By Kurt Gonska on June 11, 2014

By James Nash and Michael B. Marois of Bloomberg News
Sandra Fluke, the California lawyer whose 2012 congressional testimony on contraception drew insults from radio host Rush Limbaugh, will face fellow Democrat Ben Allen in a November runoff for a state Senate seat.
Fluke, 33, came in second in yesterday’s eight-way primary, with 19.7 percent of the vote, according to the California Secretary of State’s office. Allen, an attorney and member of the Santa Monica-Malibu Unified School District board, came in first with 21.8 percent.
The race was the most contested of any of the 20 Senate primaries in California. Fluke campaigned for environmental protection, affordable education and repealing of part of the tax-limiting Proposition 13 law.
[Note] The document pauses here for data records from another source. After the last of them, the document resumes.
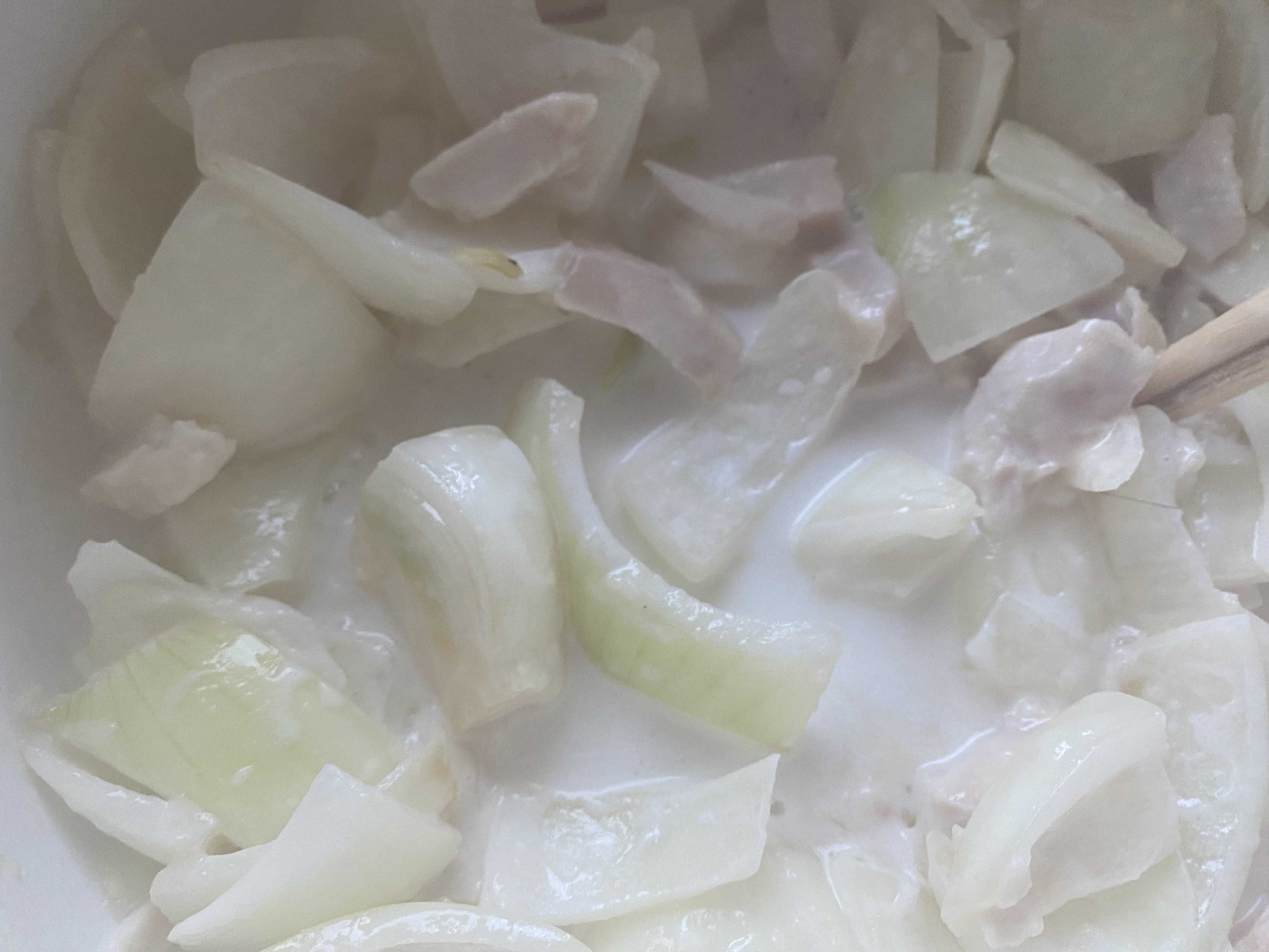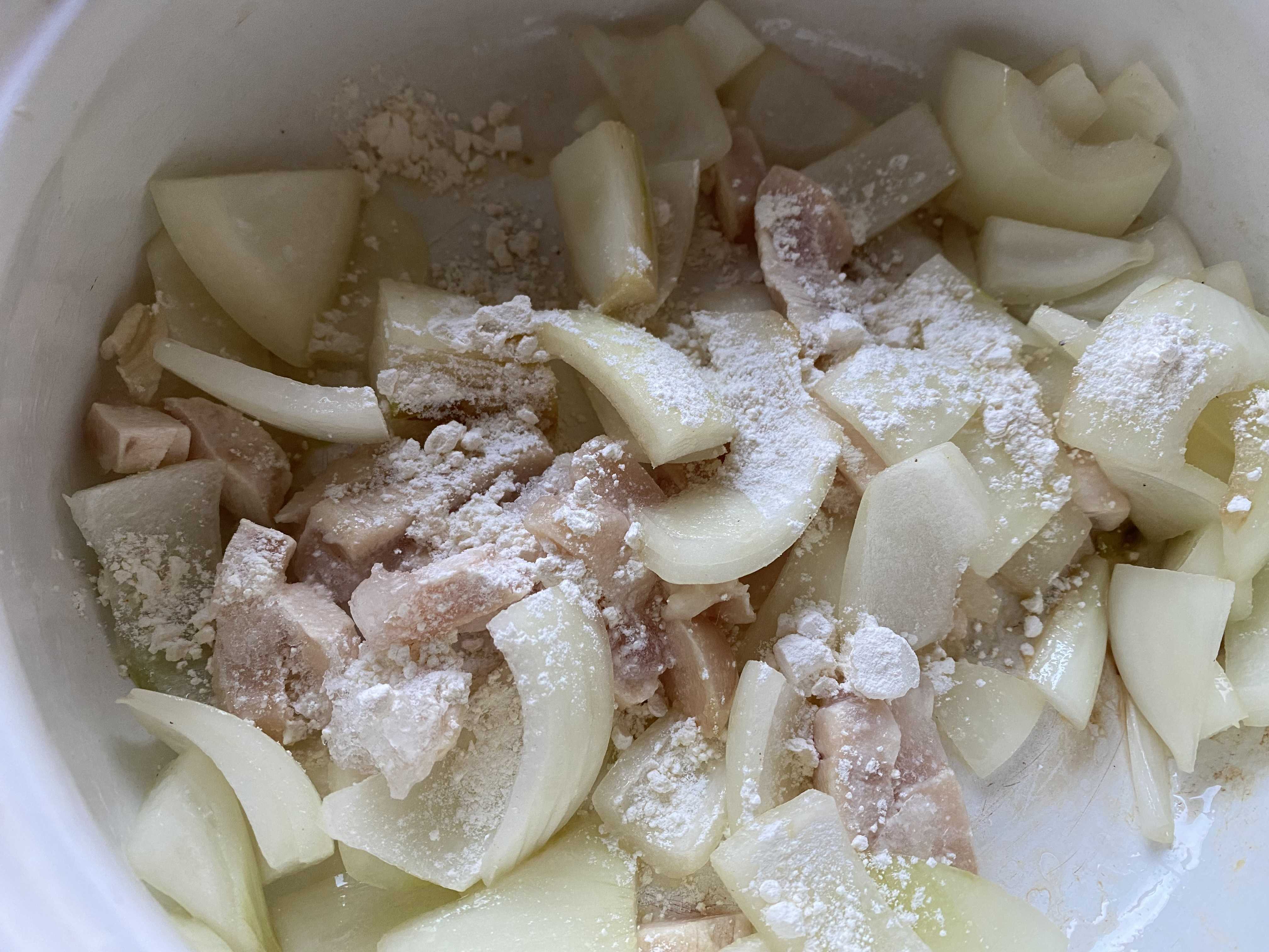 鶏肉、玉ねぎをバターで炒め、小麦粉を振りかけ、
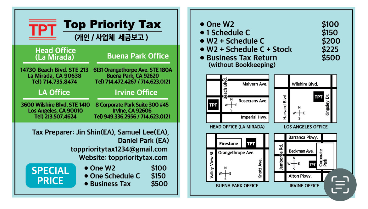 저희 탑프라이어티 Tax는 어려운 경제여건 속에서 개인 또는 비즈니스 세금보고가 서비스 가격대비 만족할 만한 세금서비스를 제공하겠다는 가치아래 고객분들에게 좀 더 다가가는 서비스를 위해 저희 캘리포니아내 각4개지점에서는 여러분들의 Needs에 맞추어 합리적인 가격과 상세하고 친절한 고객상담으로 세금문제 해결을 잘 할 수 있는 시스템을 완벽히 갖추어 놓았습니다.
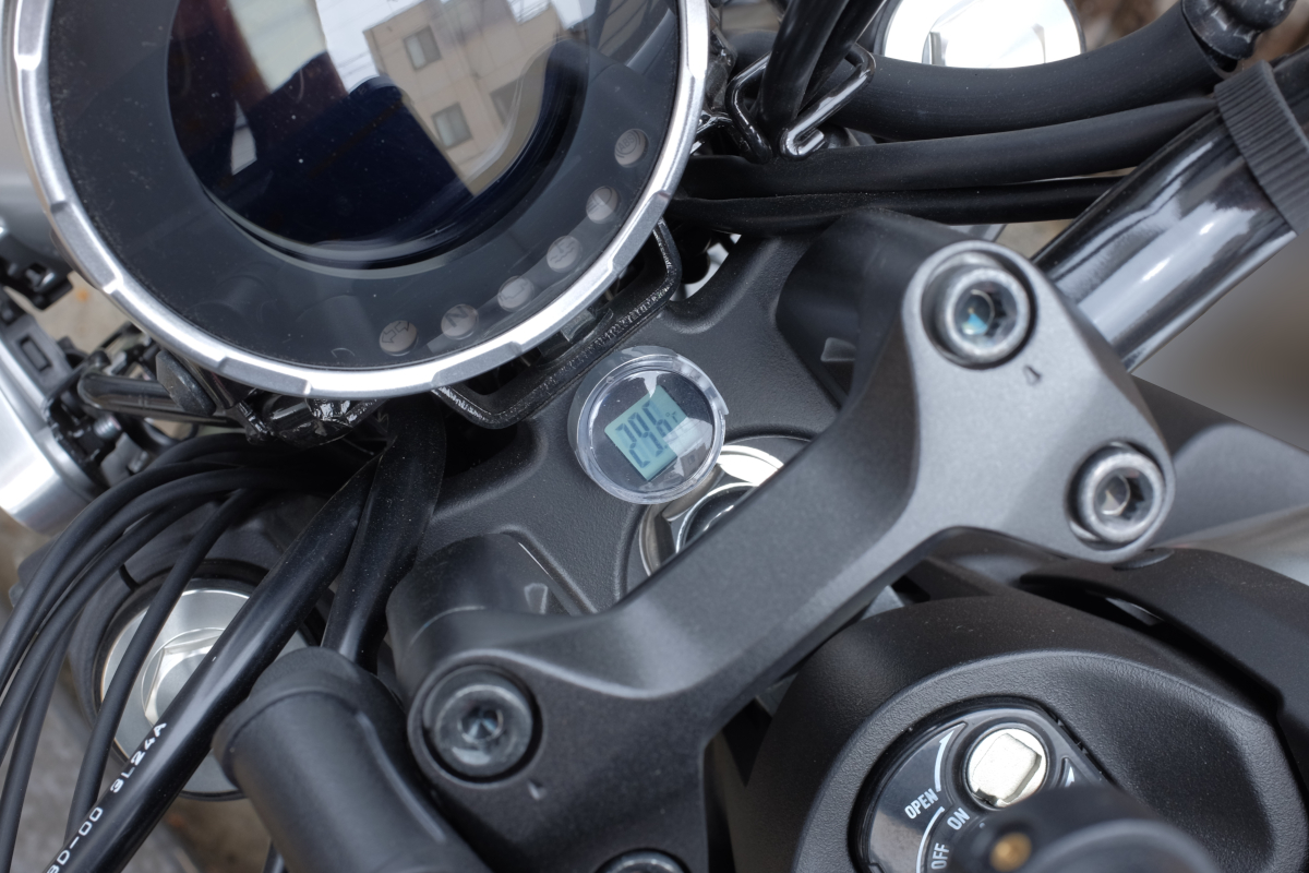 それと、先日に手配した温度計を取り付けてみ……ようとしたが、よい場所がないんだな、これが。フロントブレーキのリザーバの側面も考えたが、液晶の視野角が上に広くないのでイマイチ。結局メータのすぐ下に取り付けたが、乗車中だとだいぶ上からノゾき込む感じでないと見えない。まぁ、そんなに頻繁に見る必要もないからいいんだが……また後日考えよう。
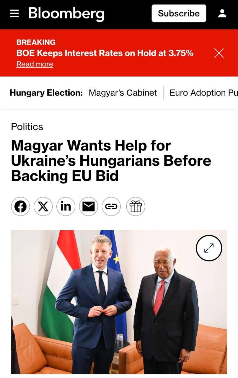 Мадьяр потребовал расширить права венгров в Украине до переговоров о вступлении в ЕС, — Bloomberg со ссылкой на источники
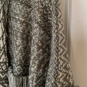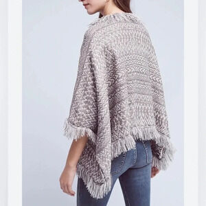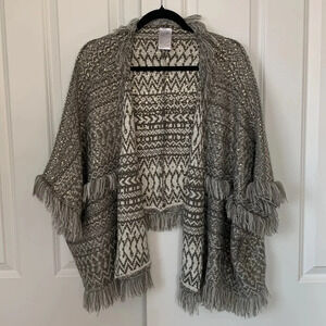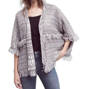 Anthropologie Sweater Cardigan Fringe Open Front Kimono Shawl Wrap Gray One Size
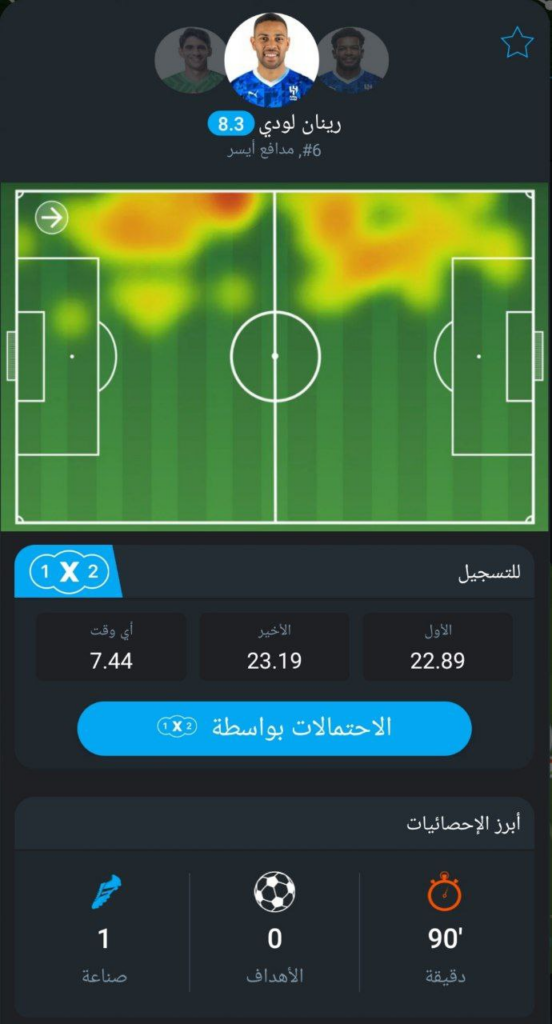 وحصل رينان لودي لاعب فريق الهلال على أعلى نسبة تقييم بين لاعبي الفريقين، على الرغم من عدم تسجيله لأي هدف، إلا أنه صنع هدف الزعيم الثاني، إلى جانب تشكيله لفرصتين خطيرتين على المرمى.
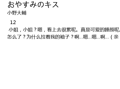 | xiǎo jiě, xiǎo jiě? , kàn shang qu hěn lèi ne. zhēn shì kě ài de shuì yán ne. hěn xiǎng jiù zhè yàng bǎ nǐ màn màn jiào xǐng. zài zhè zhòng dì fāng shuì jiào kě shì yòu huì gǎn mào de ó. qīn hǎo le, zhuā dào le. a bǎ nǐ dài dào chuáng shǎng qù shuì ba. a guǒ rán hěn qīng ne. bào zhe nín gǎn jué jiù xiàng huì zhé duàn shì de. ? hā nín kàn qǐ lái hěn kùn ne. qīn lái, dào le ó. shuì dào bèi zi lǐ, bié zháo liáng le. ? zěn me le? wèi shí me lā zhe wǒ de xiù zi? a a qīn wǒ bù xíng de. wǒ bù néng duì xiǎo jiě zuò chū zhè zhǒng shì. dàn shì, yǒu nín zhè fèn xīn yì, wǒ jiù hěn kāi xīn le. a wǒ yǐ jīng zuò hǎo xīn lǐ zhǔn bèi le. yīn wèi bì jìng wǒ yě shì gè nán rén ma. zài tiān liàng zhī qián wǒ huì yī zhí zài zhè lǐ. wǎn ān zhī wěn qīn wǒ yǐ jīng, bú huì tíng zhǐ le. qīn |
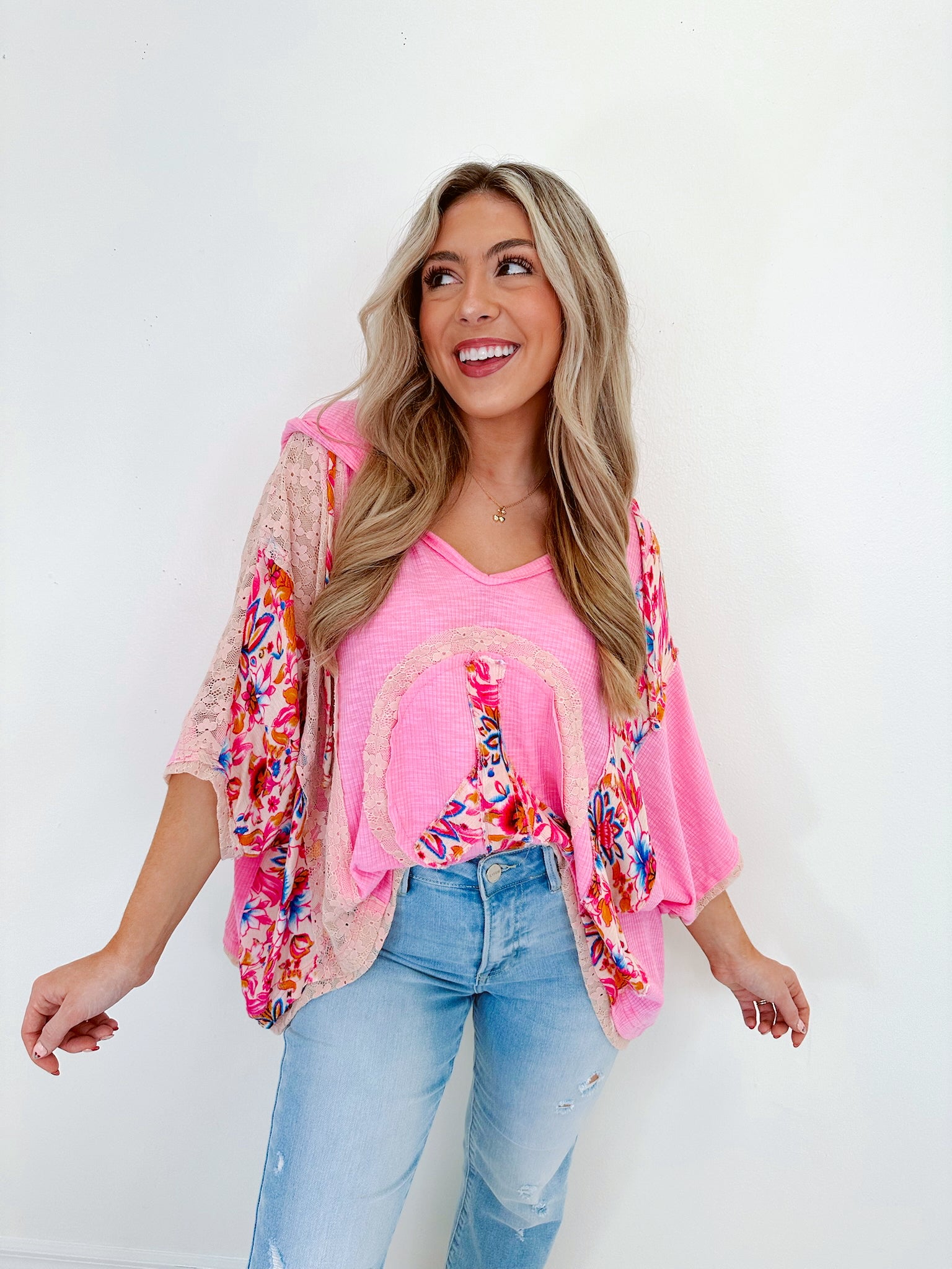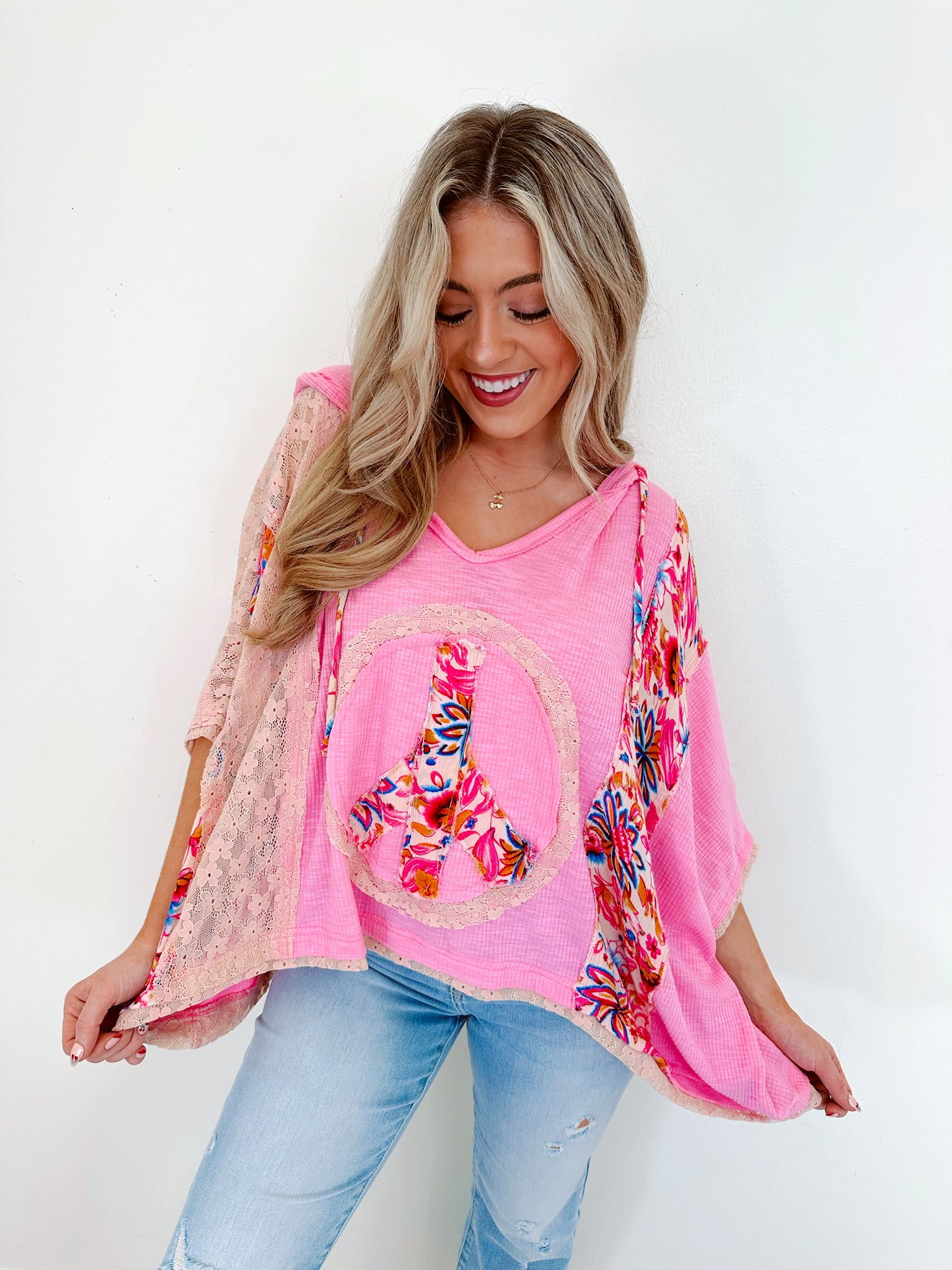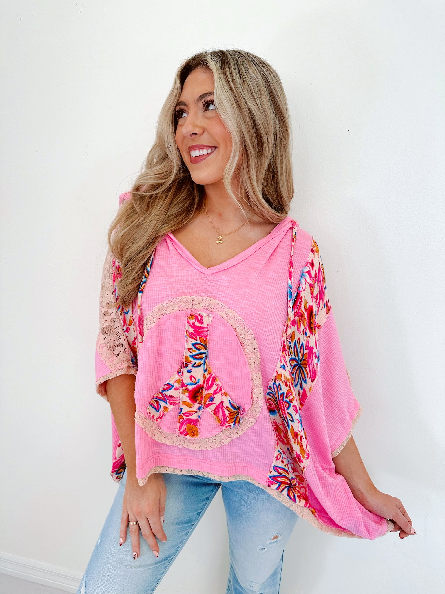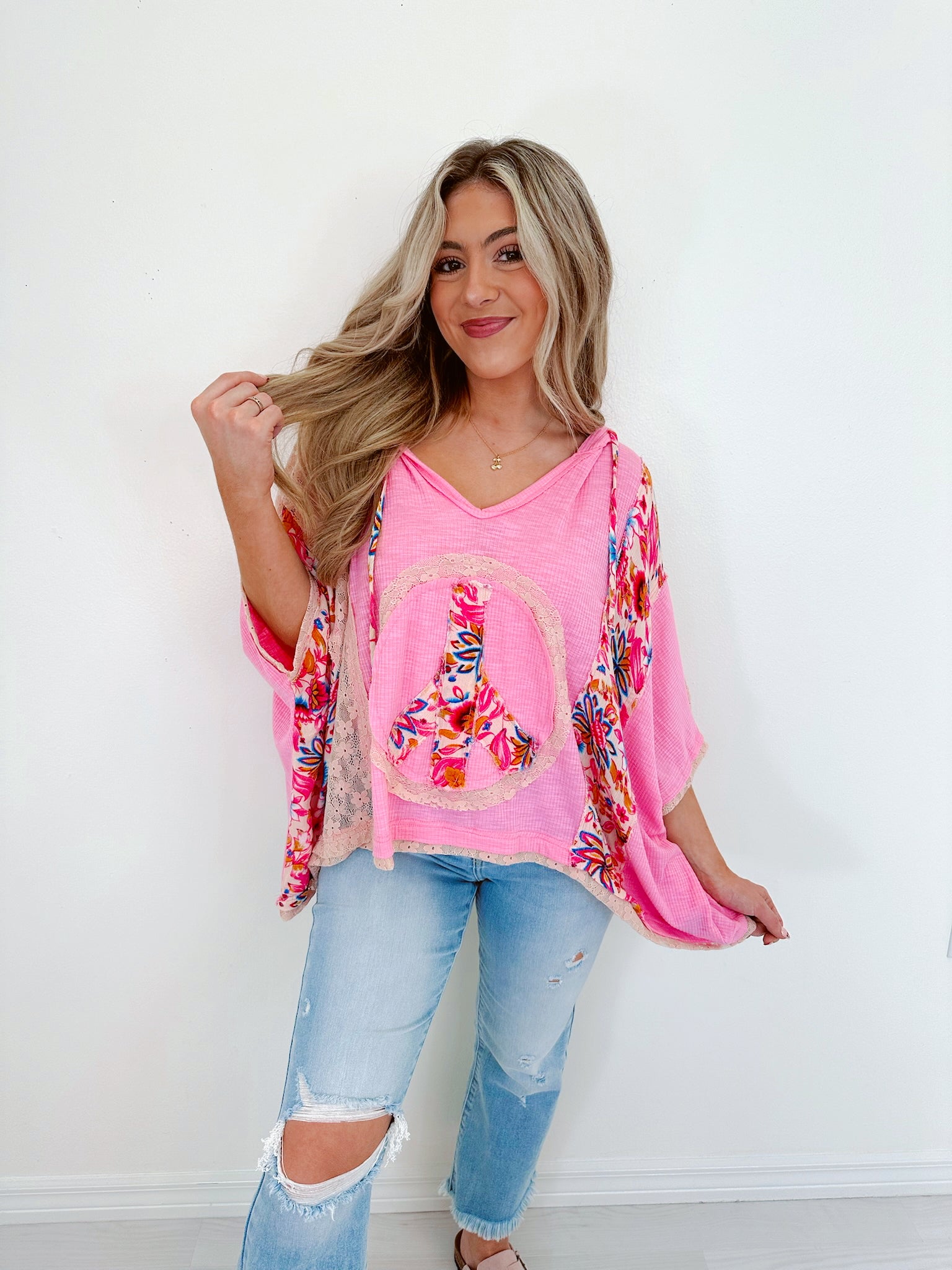 Harmony V-Neck Floral Hoodie Top By POL
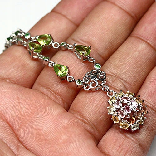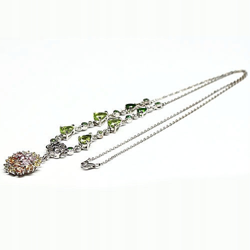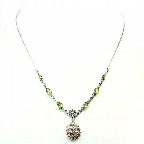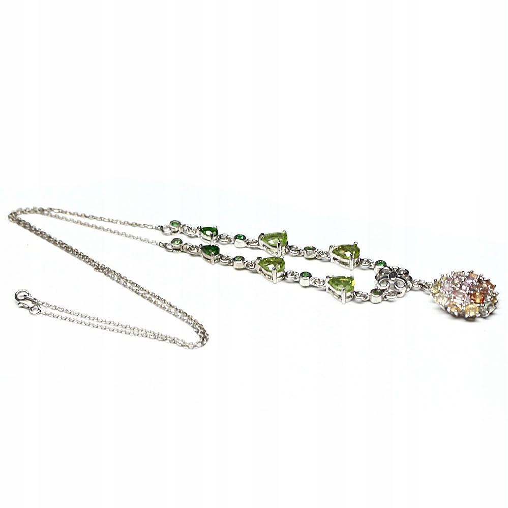 oferujemy Państwu nowy pozłacany białym 14K złotem srebrny - próba 925 naszyjnik z naturalnymi tsaworytami, diopsydami, oliwinami, szafirami i granatami.

Fluke was a third-year law student at Georgetown University in Washington in February 2012 when she testified to the House Democratic Steering and Policy Committee about requiring religious-affiliated institutions to include birth control in insurance plans.
In her testimony, she said she used contraceptives and that without coverage from Georgetown, a Jesuit institution, it could cost a student like her as much $3,000. Limbaugh told his 13 million listeners that she was asking taxpayers to subsidize her sexual habits. “She wants to be paid to have sex,” Limbaugh said, calling Fluke a prostitute. He later apologized.